Why Small is Better: At only 9MB, riboKmers minimizes the risk of coincidental sequence collisions with coding DNA while maintaining >99.9% rRNA capture efficiency.

Usage: Use with BBDuk for digital ribodepletion: bbduk.sh in=reads.fq out=clean.fq ref=riboKmers.fa.gz k=31

Created using: bbmap/pipelines/makeRiboKmers.sh

📥 all_prok_16S_best_taxsorted.fa.gz (22 MB)

A new reference standard for prokaryotic SSU sequences.

The Problem with Existing Databases: Public SSU databases contain massive redundancy - the same organism can have 30+ sequences ranging from partial fragments to N-filled sequences. Which one represents the species? Aligning queries against highly redundant, incomplete databases containing partial and low-quality sequences is very slow, and yields inconclusive results.

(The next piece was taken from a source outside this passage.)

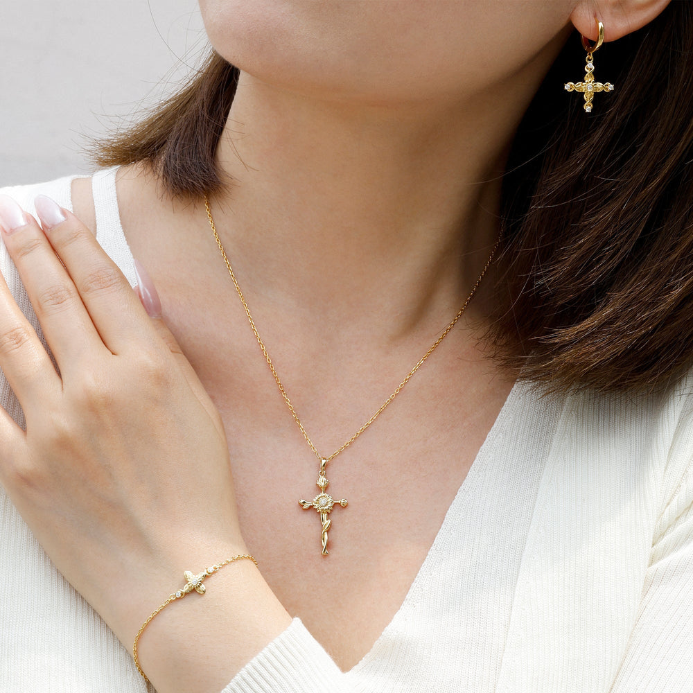 Radiating warmth and grace, the Sunflower Cross Earrings reimagine a timeless symbol of faith with the joyful spirit of the sunflower. Intricately crafted, each golden cross is delicately entwined with sun-kissed floral details and shimmering stones, reflecting both resilience and light.

The Canonical Selection Solution: Each organism's 16S sequences are processed through a sophisticated algorithm:

All sequences aligned to create weighted traversal graph (HMM-like)
Consensus sequence generated from most probable path
Best real biological sequence selected using weighted scoring
Naturally favors complete, high-quality sequences while avoiding pseudogenes and fragments

The Result: One high-quality, complete 16S sequence per organism. Dramatically more compact than Silva 138 - at 30 MB versus 688 MB - while covering 76,225 NCBI TaxIDs instead of 48,000. BBDB combines curated sequences from Silva with gene-called sequences from RefSeq genomes; 37% of sequences come from RefSeq.

Quality Features: No N's. No U's. TaxID-labeled headers. One representative sequence per organism. Tax-sorted for optimal gzip compression.

Impact: Dramatically fewer alignments required, minimal disk space, zero ambiguity about which sequence to use. Transforms taxonomic classification from navigating redundancy to obtaining direct, conclusive answers.

📥 all_euk_18S_best_taxsorted.fa.gz (7.7 MB)

Eukaryotic SSU sequences, cleanly separated from organellar 16S.

The Eukaryote Problem: Both 16S and 18S are small subunit (SSU) rRNA. Eukaryotes have their own nuclear 18S, plus mitochondrial 16S. Plants add chloroplast 16S. Which represents the species? Mixed databases make finding the true eukaryotic SSU nearly impossible.

The Solution: Split databases. Prokaryotic 16S goes in one file, eukaryotic 18S in another. Organellar 16S sequences are excluded from the eukaryotic database. When both 16S and 18S are found for the same organism during gene-calling, the 16S is discarded and the 18S is considered representative.

The Result: One high-quality, complete 18S sequence per eukaryotic organism. Same canonical selection process as the prokaryotic database - consensus generation followed by best-sequence selection using weighted HMM-like scoring.

Quality Features: No N's. No U's. TaxID-labeled headers. Nuclear 18S only (no mito/chloroplast contamination). Tax-sorted for optimal gzip compression.

Usage: Integrated into BBTools programs like SendSketch and QuickClade for taxonomic classification. Provides exact SSU ANI (Average Nucleotide Identity) calculations via glocal alignment, complementing pentamer-frequency methods.

📊 Taxonomy

📥 tree.taxtree.gz

Complete NCBI taxonomic tree with all numeric TaxIDs and node names. Used by programs that require taxonomy. Should be placed in the /resources/ directory.

Created using: bbmap/pipelines/fetchTaxonomy.sh

Note: Needs to be updated periodically as NCBI taxonomy changes.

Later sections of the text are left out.